The plot of this trouble-in-suburbia thriller might be flimsy – but who cares when there’s so much sexual tension between our flirtatious foursome?

There are two extraordinary features to note about Channel 4’s new six-part drama series The Couple Next Door, which examines the combustible effects of a hot, swinging couple on a pair of conservative young things who move in next door. The first is that it succeeds in being sexy rather than cringemaking. This is vanishingly rare and comes courtesy of a clever, layered script that ties each of the narrative strands together perfectly and takes enough time to build every relationship within the foursome to allow what unfolds to feel plausible. Writer David Allison understands that even people destined to climb into bed with each other are capable of thinking and talking about other things while lust brews in the background, and cracking a few jokes along the way. I don’t know if this was present in the Dutch series New Neighbours, on which this is based, and Allison had the sense to keep it intact or if it’s all his own work but it is fantastically well done. There should be a special annual award for any creation that manages to deliver convincing spousal banter like Allison does here.
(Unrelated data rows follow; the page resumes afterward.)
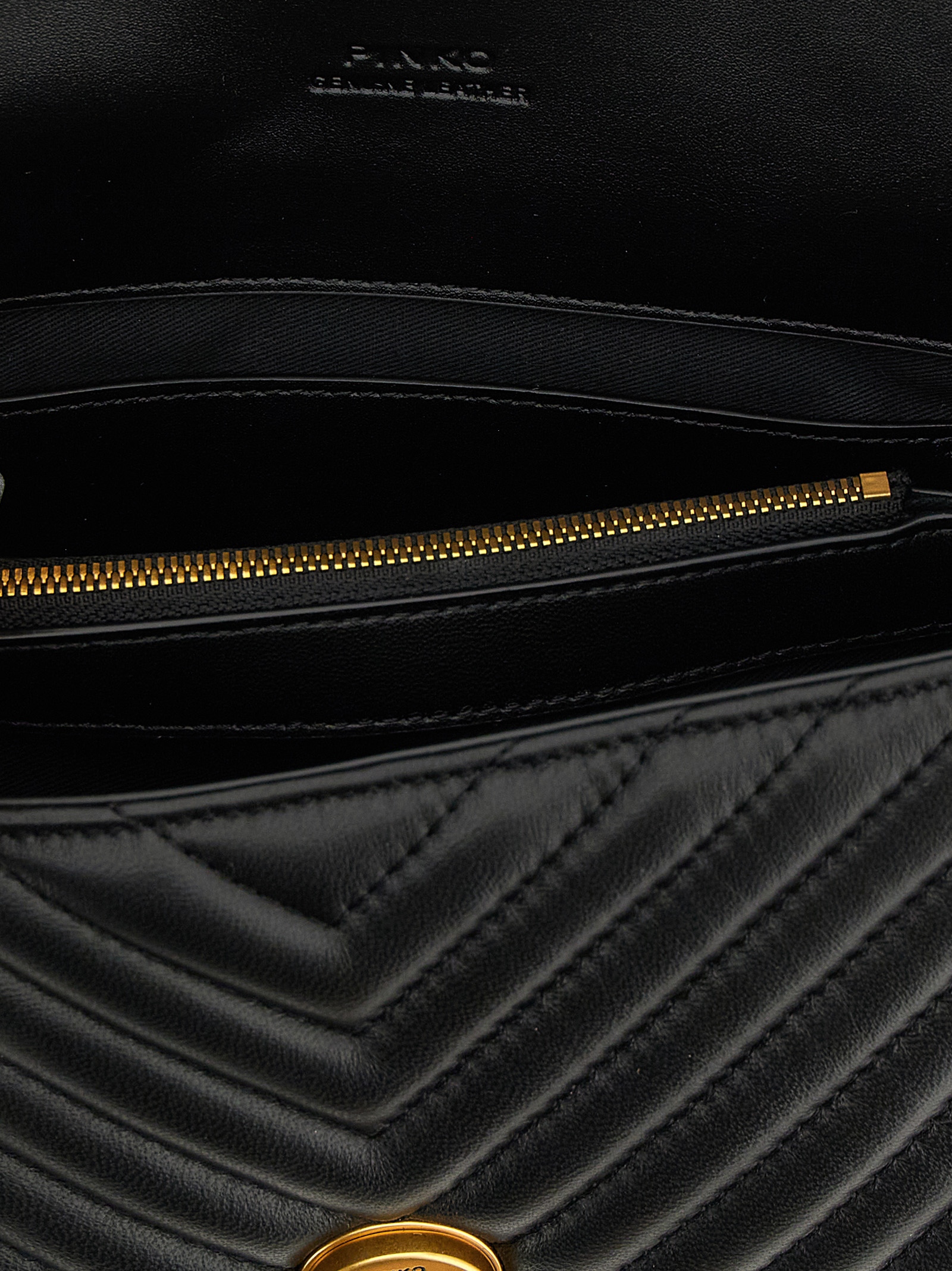'Mini Lady Love Puff' handbag in quilted nappa leather with chevron pattern, magnetic flap closure with iconic ‘Love Birds Diamond Cut’ metal buckle, fixed handle, suede microfiber lining, chain shoulder strap with removable nappa leather shoulder pad.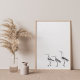 Dibujo moderno de líneas minimalistas de un trío de aves en blanco y negro.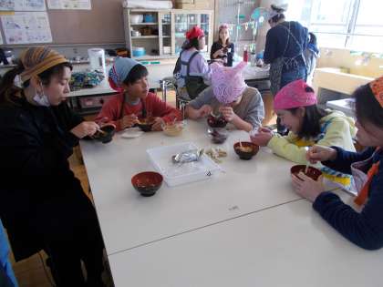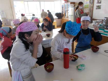 この後の給食はとてもおいしかったのですが,とてもお腹いっぱいで幸せすぎて辛い・・まあ「辛」に一本足せば「幸」。紙一重ということですね。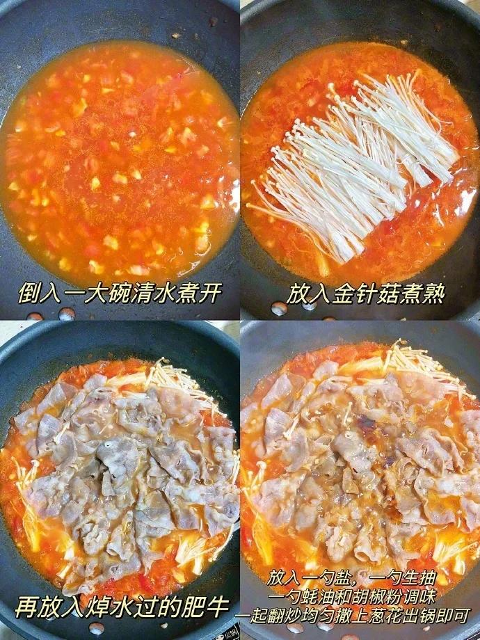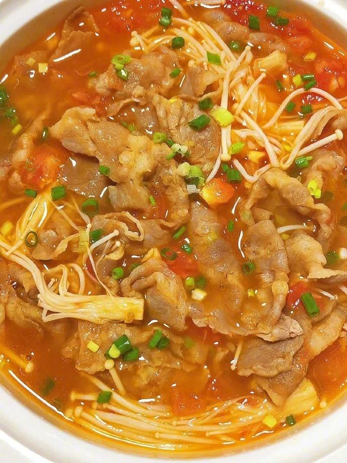 湯汁酸甜濃郁,肥牛鮮嫩不膩,金針菇吸滿了湯汁,每一口都鮮香爽口,不僅好吃,還能補充蛋白質,是老少皆宜的家常湯菜。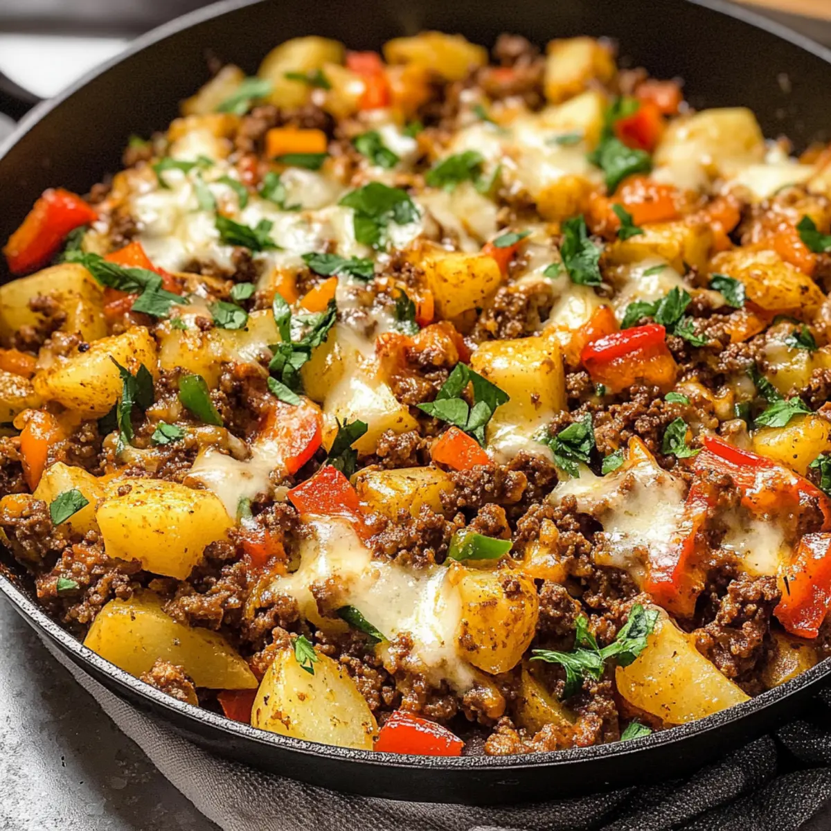 Rinderhackfleisch und Kartoffelpfanne für die Familie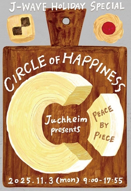 株式会社ユーハイム(本社:神戸市中央区港島中町7-7-4 代表取締役社長:河本英雄 以下、ユーハイム)は、ラジオ局J-WAVE(81.3FM)にて、11月3日(月・祝)の9:00~17:55に「J-WAVE HOLIDAY SPECIAL Juchheim presents CIRCLE OF HAPPINESS -PEACE BY PIECE-」を放送します。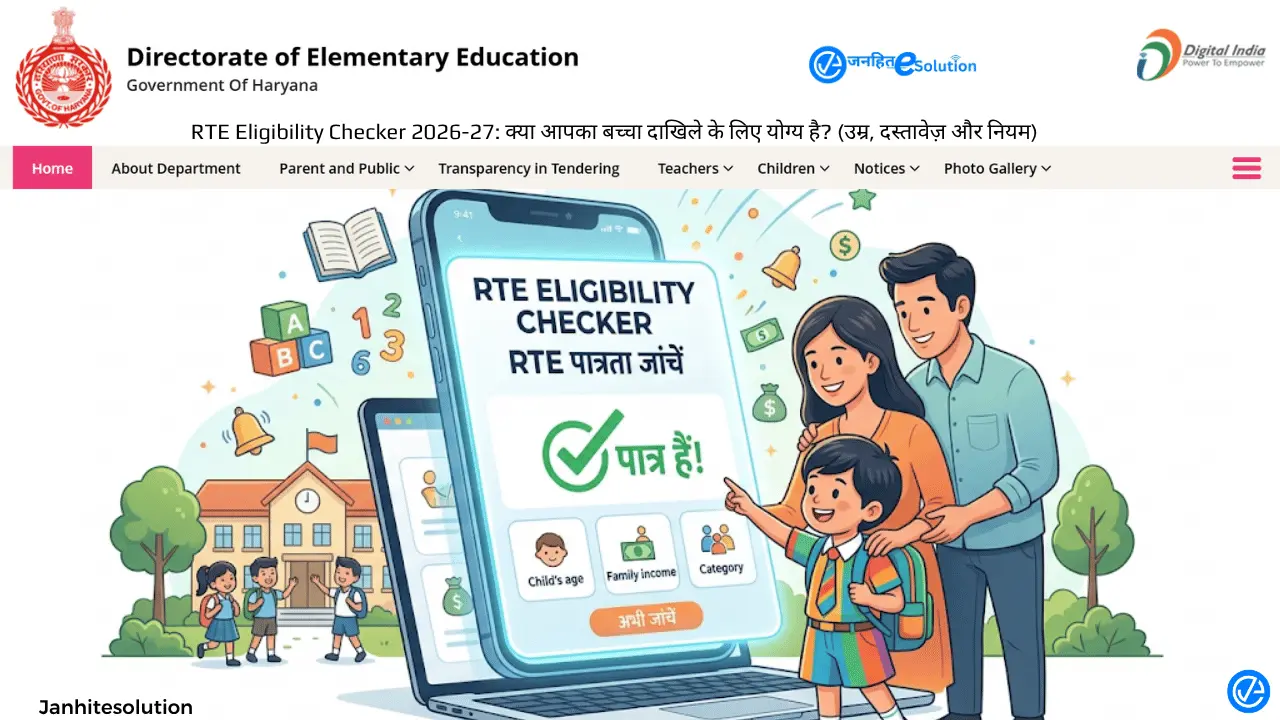 Janhit e-Solution पर दी गई RTE Eligibility Checker से जुडी जानकारी हरियाणा मौलिक शिक्षा निदेशालय द्वारा जारी RTE Act 2009 और शैक्षणिक सत्र 2026-27 के आधिकारिक नोटिफिकेशन पर आधारित है। हमारा उद्देश्य अभिभावकों को सटीक और पारदर्शी जानकारी देना है। हम किसी भी प्रकार की फॉर्म फीस नहीं लेते हैं, सरकारी पोर्टल पर आवेदन पूरी तरह से निःशुल्क है।

The second extraordinary point is the casting of Hugh Dennis as a stalker. Alan (Dennis) is obsessed with Becka, the more free-spirited of the hot swingers (played by Jessica de Gouw, coupling her innate credibility as a hot swinger with a nuanced portrait of a woman making the best of a life she never expected and which will soon take a turn for the worse). And it turns out that Dennis, after decades of providing gentle humour in roles playing on his unthreatening affability in the likes of Outnumbered and Not Going Out, is the perfect creep. Alan starts off as what you might call a bit of a saddo, but as his circumstances change and appetites grow, we watch with bated breath as his behaviour escalates and his mood darkens. It would be a brilliant performance even if its purveyor were not so unexpected, but the casting adds an extra touch of uncanniness to the whole.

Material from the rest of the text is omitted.